Kitchenelf, I would love to post my pesto here, and will, but I warn you I am a rather slapdash sort of cook. I just do whatever looks right to me so please feel free to amend my recipe as it is just as close as I can get.

Alix's Pesto

One handful (1 cup?) of fresh basil leaves. Pick out any stems or nasty looking leaves. Put this in your food processor.

Add about 2/3 cup pine nuts, and pulse your food processor until all is chopped fine.

Add as much garlic as you like...we like about 3 minced cloves. Start with about 1/2 cup olive oil and buzz until it is pasty. Add more oil as required. I also throw in a little salt, but not too much pepper as a good friend is allergic to it. 

If you are freezing it. Stop here and put it in containers. For serving immediately...read on!

Add about 1/2 parmesan cheese and blend some more. The mixture should be a thick goopy consistency (hungry yet? LOL!). We like to take about a 1/3 cup of this mixture and mix with an equal amount of fresh farm cream. Heat gently and toss with your pasta. This is especially tasty with any lightly stir fried fresh veggies on hand. Zucchini, peppers, broccoli, beans, snow peas. It's all good.  

Unfortunately, kitchenelf, I have tried to lower the fat content, and alas it is completely yucky with low fat alternatives. So...either omit the cream and do it with some pasta water, or....enjoy the extra calories!


----------



## kitchenelf (Jun 11, 2004)

Hi Alix,

Maybe Dina can compare her recipe to yours.  Yours sounds like a lot of pine nuts but I'm like you - I have never really measured it when I make it.  I would guess that mine is very similar with the addition of lime juice (like I said most use lemon juice and some use white vinegar).  The lime juice to me is very refreshing and I usually use lime instead of lemon, even in my cocktail sauce.

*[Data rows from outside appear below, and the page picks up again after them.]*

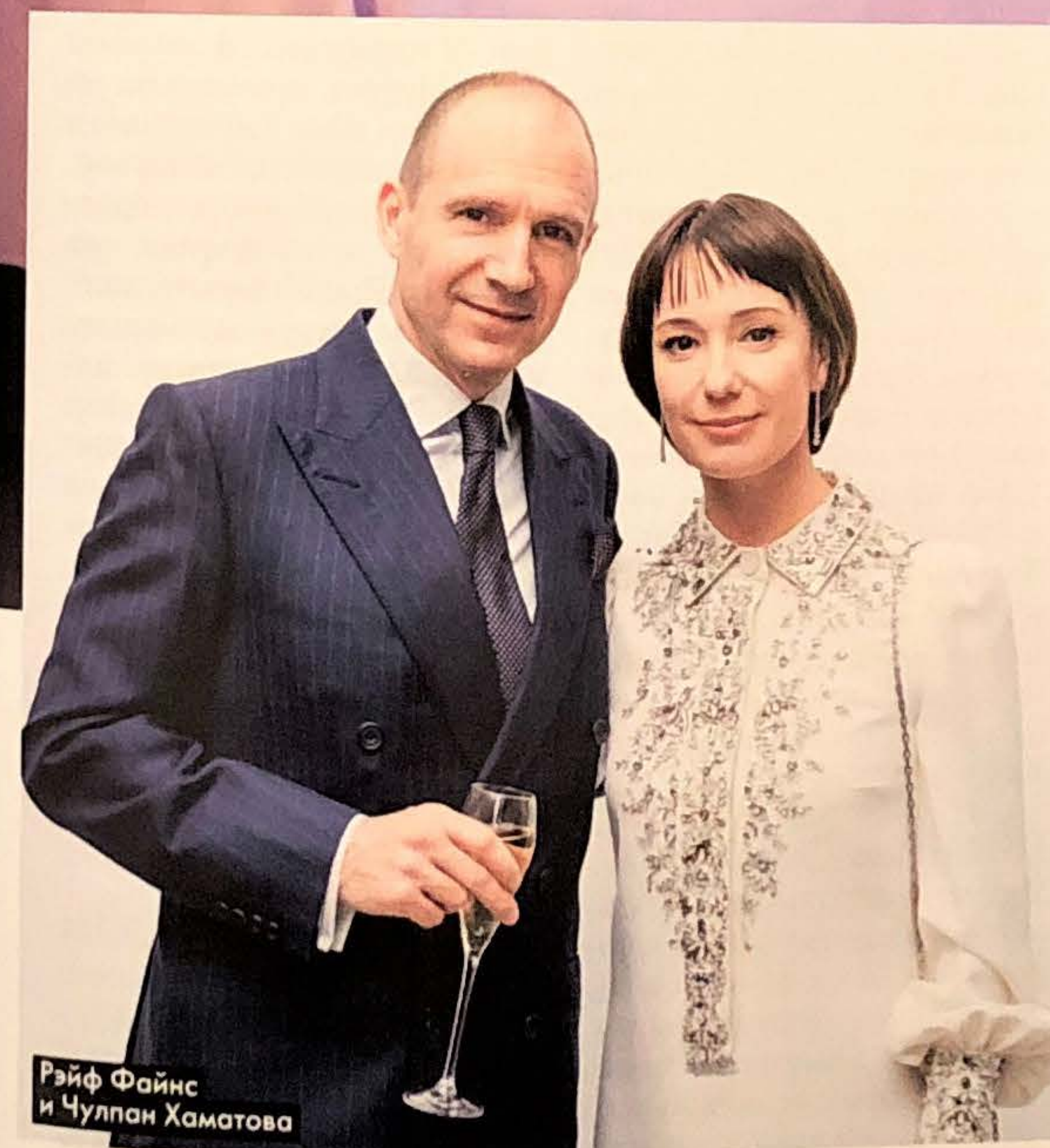
Рэйф Файнс и Чулпан Хаматова

В РАМКАХ ВЕЧЕРА ПРОВОДИТСЯ АУКЦИОН. НА ФОТО — ЛОТЫ ЭТОГО ГОДА: БИЛЕТЫ НА ЛУЧШИЕ КУЛЬТУРНЫЕ МЕРОПРИЯТИЯ 2018-ГО, ГРАВЮРЫ, АРХИВНЫЕ ФОТОГРАФИИ, СЕРТИФИКАТЫ НА ПУТЕШЕСТВИЯ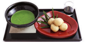
ชิระโมจิ โตะ โอะมัจฉะ โนะ เซต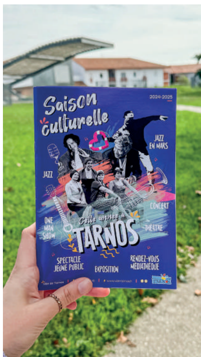
La plaquette culturelle 2024-2025 est disponible en ligne sur le site de la Ville ou à l'Hôtel-de-Ville.

Je tiens à remercier les associations tarnosiennes et leurs bénévoles pour cette mobilisation autour de cet événement Banský. Je le dis souvent mais nous avons la chance, à Tarnos, de bénéficier d'associations aussi nombreuses et actives dans leur rôle de cohésion sociale. Le street art, et la façon dont il pourrait se développer à Tarnos, est au cœur de nos réflexions. L'action culturelle se pense, se discute, s'affine avant de se concrétiser. Mais oui le street art va avoir sa place dans le paysage tarnosien, déjà riche et varié. Des projets sont en cours.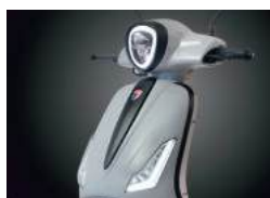
FULL LED LIGHTS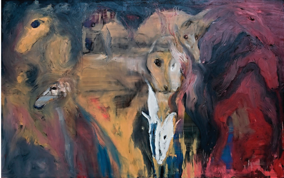
Divocí koně v krajině 2018, olej na plátně, 258 x 359 cm

vůni, malby s ženami záhadnými a proměnlivými.“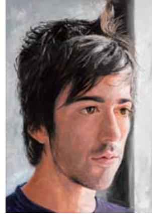
"Carlos" oli 81 x 116 cm.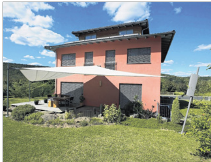
Ein Sonnensegel im Außenbereich bietet großflächigen Schutz vor der Sonne und setzt moderne architektonische Akzente – ein schöner Trend für das Frühjahr.

Die Segel setzen mit ihrer Eleganz und Gestaltungsvielfalt architektonische Akzente und sind vielseitig rund ums Haus einsetzbar. Beim Grillfest oder der Cocktailparty machen sie ebenso eine gute Figur wie beim Relaxen mit der Familie. Mittlerweile gibt es zahlreiche Variationsmöglichkeiten. Neu in dieser Saison sind größere Brei-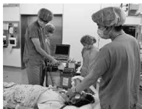
電気けいれん療法の様子

一方で、常勤精神科医数の減少に伴い、今年度4月より一般の初診患者さんの受け入れをお断りせざるを得ない状況となっております。患者ご家族の皆様には大変ご迷惑をおかけしております。受け入れ再開を目指して努力をして参ります。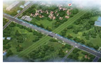
下穿长沙大道立交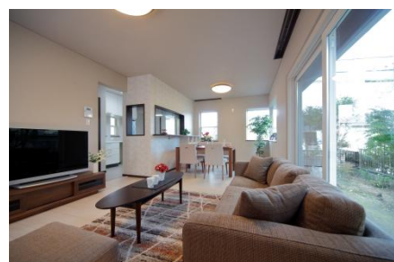
【リノベーション後室内写真】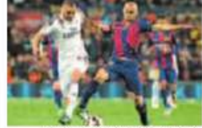
Volte a assistir ao clássico entre o Barcelona e o Real Madrid. A formação onde atua Messi venceu a partida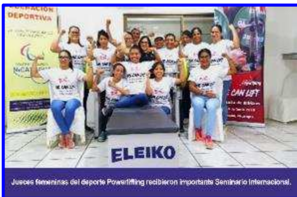
Jueces femeninas del deporte Powerlifting recibieron importante Seminario Internacional.

La Federación del Comité Olímpico Nicaragüense (FECOPAN), sigue con paso firme desarrollando sus plan de actividades del 2019, con el objetivo de mantener actualizados sus conocimientos en materia deportiva así como consolidando la calidad técnica en cada uno de sus atletas.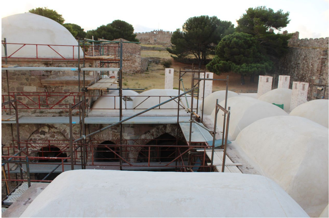
Εικ. 3 Γενική άποψη της υφιστάμενης κατάστασης της θολοδομίας του κτηρίου, μετά την ολοκλήρωση των εργασιών εξυγίανσης των εξωραχίων. Άποψη από τα ΒΔ.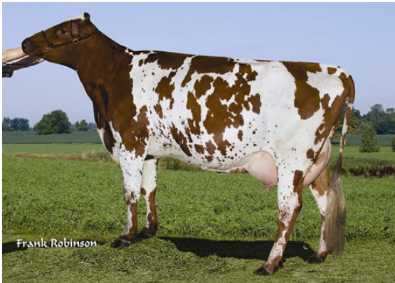
HAUTPRE PETERSLUND MADERA GRANDDAM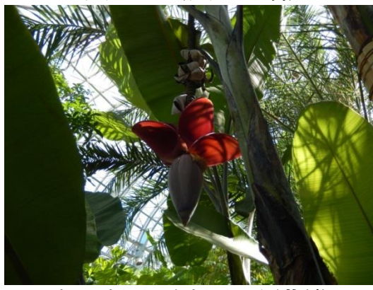
クロバナナ（バナナの園芸種）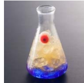
ノンアルコール 「覚醒ナイトメア」 目玉の入ったオレンジ&ミックスベリー。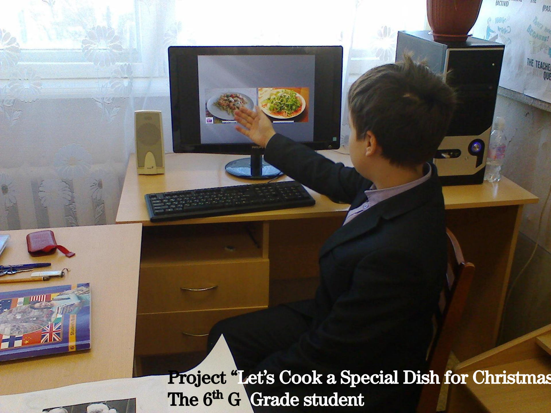
Project “Let’s Cook a Special Dish for Christmas” The 6 th G Grade student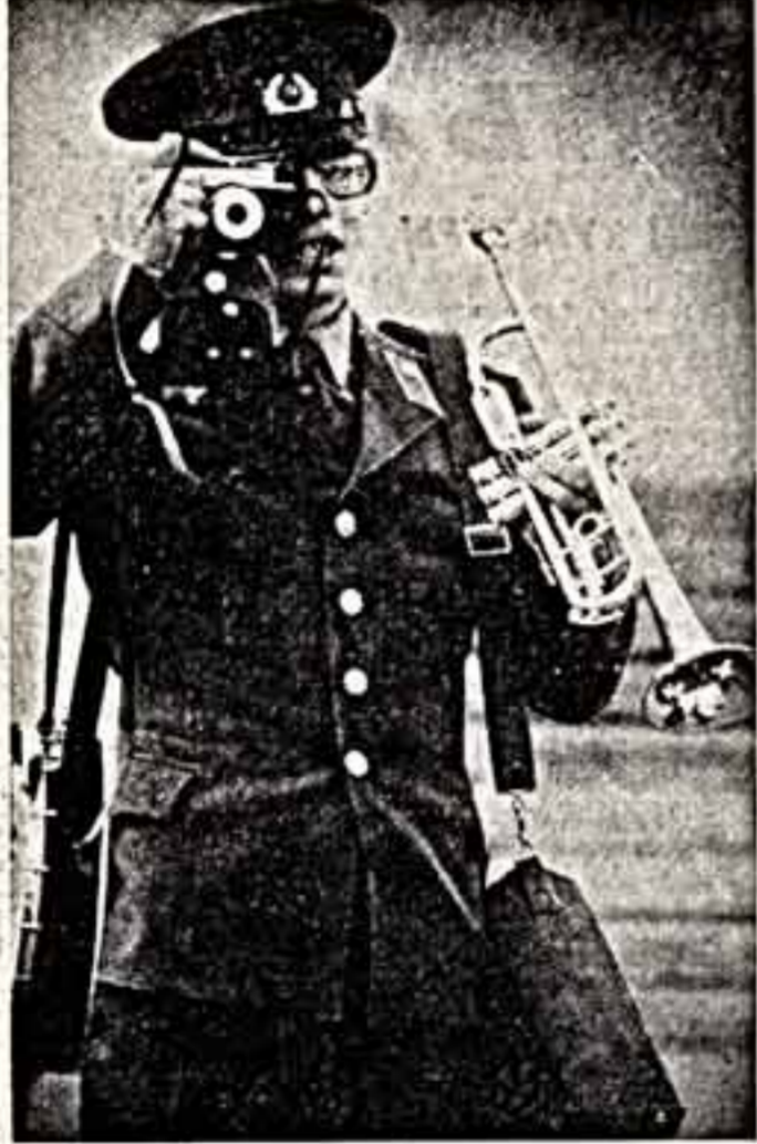
Почему бы вам не написать о том, как мало у нас современных музыкальных программ...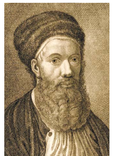
Jean Etienne Liotard (1702-1789)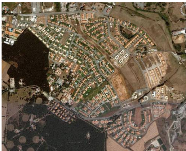
Fig. c: Roma, Tor Pagnotta Est; Fonte: Immagine Google Earth, 2007

L'esigenza di fuggire dalla città dello smog e del caos, delle case vecchie e dei condomini-alveare verso abitazioni che posseggono un giardino e magari un posto auto sicuro, sta spingendo molti ex abitanti della zona centrale o semi periferica verso l'area periurbana, area che ha nell'impianto viario romano e nel G.R.A. il miraggio di un collegamento funzionale con il centro e con il luogo di lavoro (fig. c).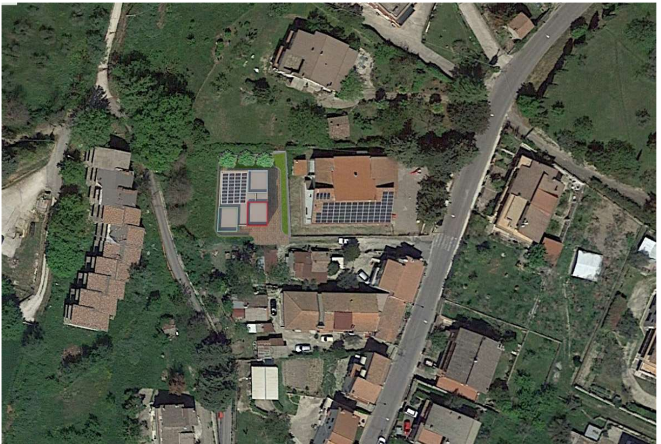
Vista aerea con inserimento fotorealistico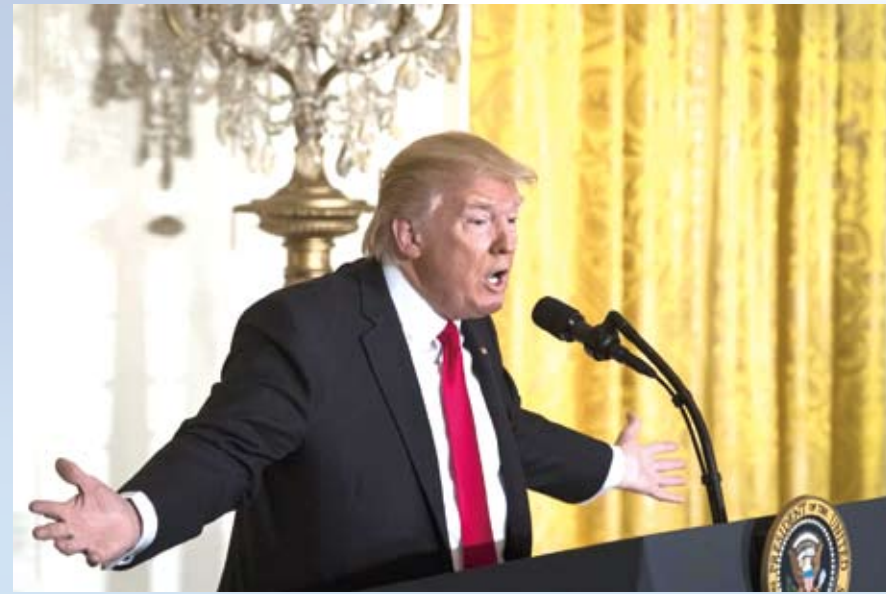
川普把自己塑造成一個「反精英」、「反建制」的政治人物。

8月16日，全美350家媒體聯合以社論反擊川普總統稱媒體是：「人民公敵」的說法。這是響應《波士頓環球報》8月10日發出的倡議。《波士頓環球報》說，美國的偉大之處在於一個自由的媒體可以向有權有勢的人道出真相。給媒體貼上「人民公敵」的標籤，既不符合美國精神，也對美國兩個多世紀以來共有的公民契約構成危險。該報號召全國媒體團結起來，反擊川普針對媒體和媒體人的「骯臟戰爭」。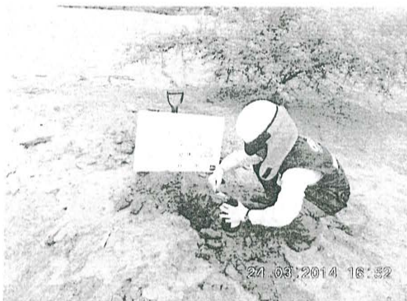
Fotografía N° 2. Toma de muestra de suelo en el punto F00830-SU02, ubicado a 4,2 m aproximadamente del Pozo T3480.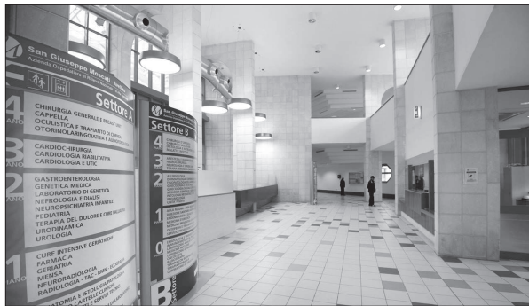
La Città ospedaliera

no frutto di un pur acceso scontro politico. Ma era scontro che mirava a capire e ad ottenere condizioni di vita migliore in un pezzo di meridione non particolarmente fortunato (ammesso che il resto del Sud lo fosse).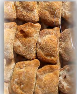
Empanadas el Cateto ref: 0979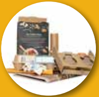
کاغذ و مقوا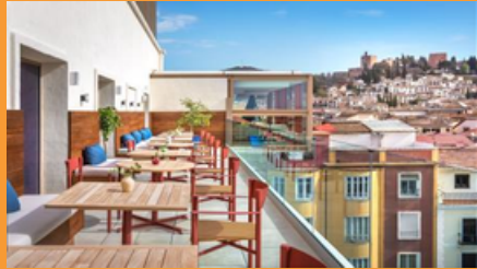
Hotel Melia Granada

Hoteles previstos o similares para Granada: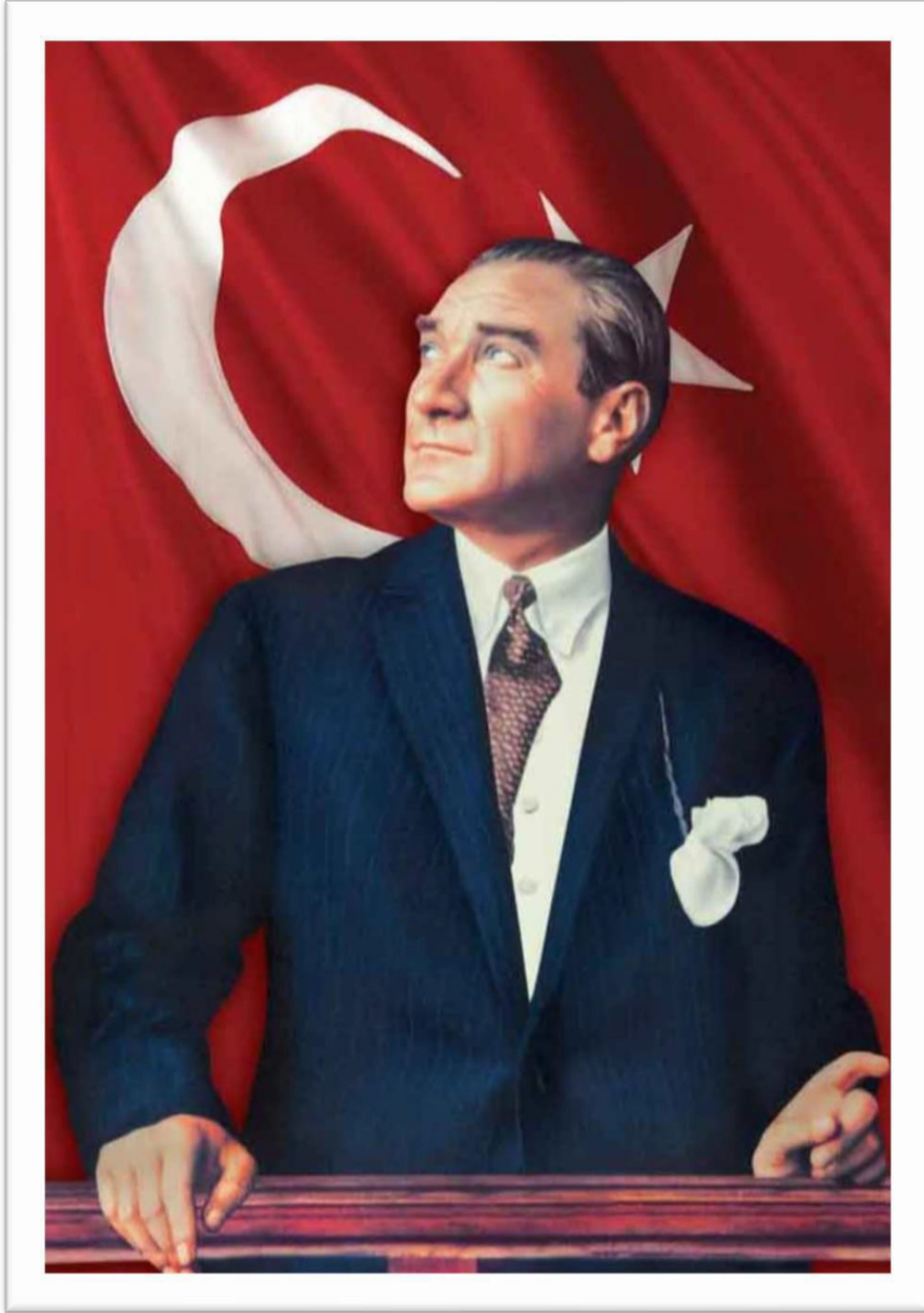
Gazi Mustafa Kemal ATATÜRK

I don't think I add quite as many pine nuts as you do but who knows for sure!!!! LOL

And, up to this point the fat that is in here is all good - now I'm still trying to convince myself that cream is good for the body    - Didn't Cleopatra bathe in it?  Well, my insides are silky smooth instead of my outsides! LOL :roll: 

Havea you ever tried a rosemary pesto?  Similar but no parmesan and no pinenuts, then add some dijon mustard, soy sauce, salad oil, and use as a coating for a leg of lamb - OMG, it's heaven!  I don't know if I've ever posted it - if not I'll post tomorrow.


----------



## ironchef (Jun 11, 2004)

you need either parmesan, asiago, or pecorino romano cheese to tone down the harshness of the raw garlic and balance out the flavors. You may need to add more olive oil as well. When I trained under this Italian chef, the consistency of his pesto was like a loose pancake batter. It shouldn't be as thick as a lot of the pestos you see. You also don't necessarily need an acid, but you can add it if you think it evens out the flavor a bit. You might also want to do a 1/2 and 1/2 combination of basil and Italian flat leaf parsley, or you could use arugula.


----------



## Alix (Jun 12, 2004)

You could be right kitchenelf, I usually just dump until it looks right! I never measure. Where are you going to post that other recipe? I want to try it out.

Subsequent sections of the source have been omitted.